A wireless operator from Seal Point, Alaska, reports over 500 planes were seen -at 4:20 this afternoon.
-500 planes?
-What kind of planes?
-They passed over Seal Point at an altitude of 10,000 feet, heading south.
(dramatic music) ♪ A dispatch from Washington.
All military leaves are cancelled.
Members of the Armed Forces are to report to the nearest headquarters immediately.
The plot of Invasion, U.S.A., starts in a Manhattan bar, where Gerald Mohr's character, he's kind of an ad executive, he's taken a kind of survey of people's willingness to sign up to the draft.
There's a hint of, "Are you willing to fight off, you know, the commie threat?
Would you go to war?"
And we go through various people in the bar.
And then we cut to the television hanging in the bar.
It's all turned up loud.
And you start to realize an invasion is already underway.
Planes are seen over New York, the city is leveled, bombs are dropped, paratroopers arrive in Washington, D.C., hit the ground.
Everything they were terrified of is happening in front of their eyes.
They watch it on a television screen.
In some ways, it's a very prescient film about, you know, a future where people watched Vietnam and watched the events of 9/11, all of it happening on television.
And here you have these people in the bar observing the dreaded invasion by the Russians happening before their eyes.
What it is, really, it's almost like a public information film, made at this very kind of low, grungy level that says, "Imagine if the Russians invaded," you know, "Imagine, where would they turn up?"
Would they arrive on the beaches?
Imagine seeing planes flying over New York and imagine bombs dropping."
It wasn't messing around.
It was saying, "This is what's going to happen.
You better be ready.
So if that draft comes along, what do you think?"

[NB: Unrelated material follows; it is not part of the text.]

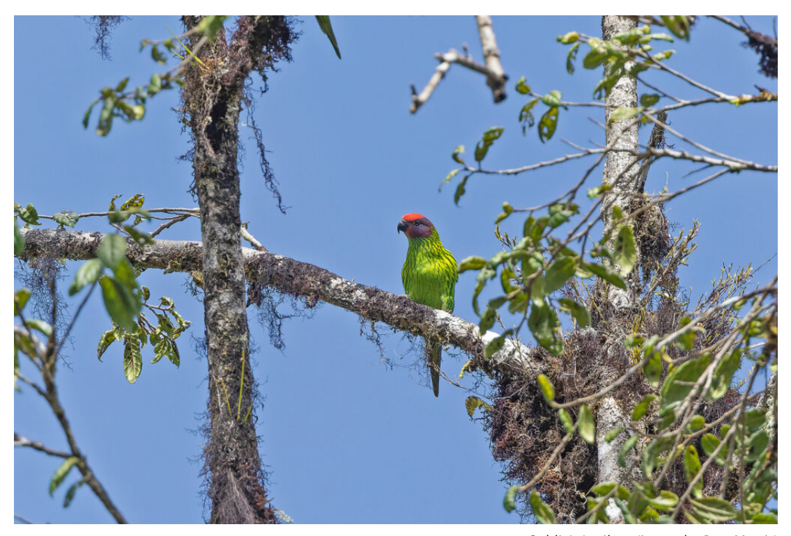
Goldie's Lorikeet

So it's an exploitation film, but very political in its makeup and very direct.
And I think out of all the kind of paranoid films of the 1950s in America, in a way, it kind of sums it all up.
You know, you watch Invasion, U.S.A., and it goes, "This is what we're worried about.
And this is what you should be worried about."
(narrator) The collective fears of America would even manifest themselves in more extravagant stories, such as 1956's Invasion of the Body Snatchers.
(Dr. Bennell) Now you must listen to me, you must understand me.
I'm a doctor, too, I am not insane.
I am not insane.
(Dr. Hill) Now suppose we just sit down over here, Dr. Bennell, and you tell me what happened.
(soft, tense music) ♪ Well...
It started--for me, it started last Thursday.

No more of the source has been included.